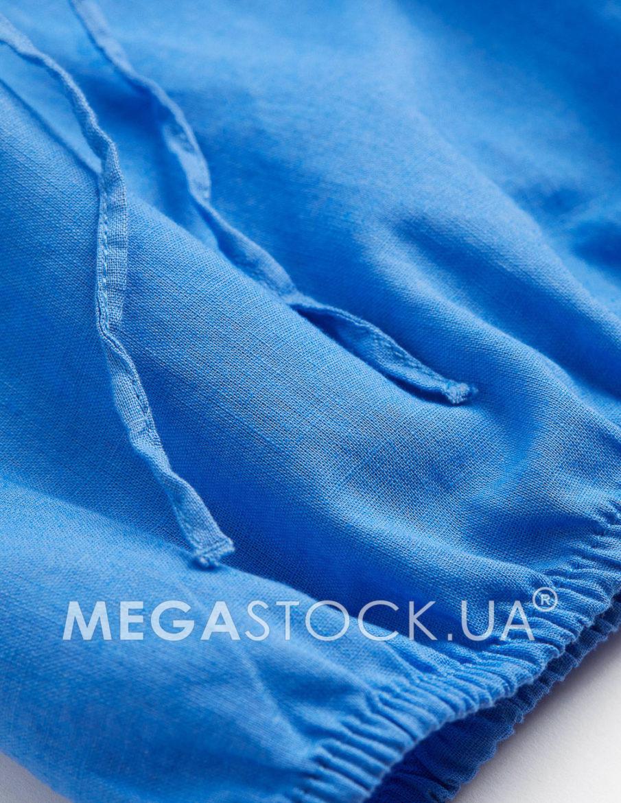 Блузка з повітряного переплетення льону та бавовни. Круглий виріз горловини з V-подібним вирізом та вузькими зав’язками зверху, короткі пишні рукави з закритою гумкою та закритою гумкою по низу. Без підкладки
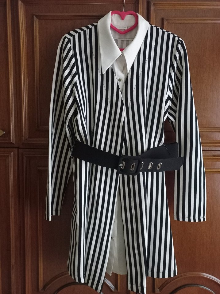 Kaşe kemeri mevcut. Tiril tiril yumuşacık bir kumaşı var .Kendinden gömlekli çizgili uzun ceket. Bedeni xl-42 yazsada medium ve large bedenede rahatlıkla olur.
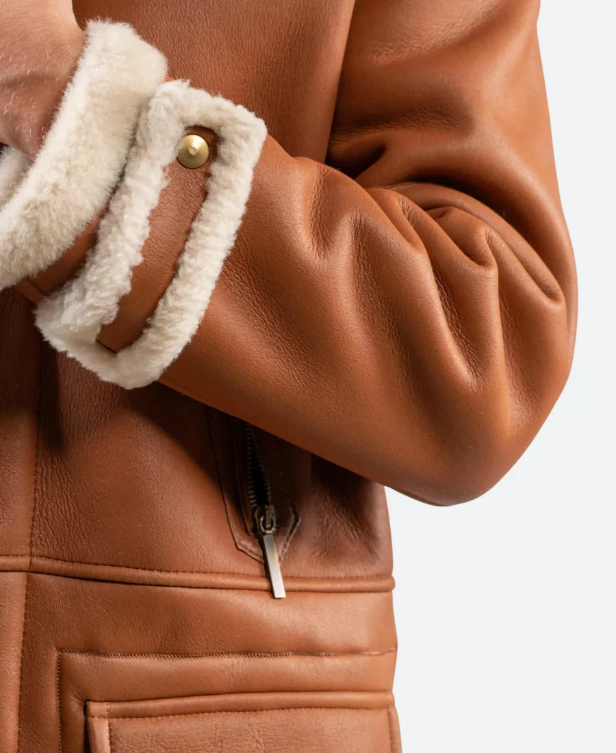 Classic Tan Leather Hooded Shearling Trench Coat

####

To do: Copy out exactly, without any pictures, the lines above that begin at the one with "Kaşe kemeri mevcut." and end at the last line of the listing.

Result for this task:
 Kaşe kemeri mevcut. Tiril tiril yumuşacık bir kumaşı var .Kendinden gömlekli çizgili uzun ceket. Bedeni xl-42 yazsada medium ve large bedenede rahatlıkla olur.
 Classic Tan Leather Hooded Shearling Trench Coat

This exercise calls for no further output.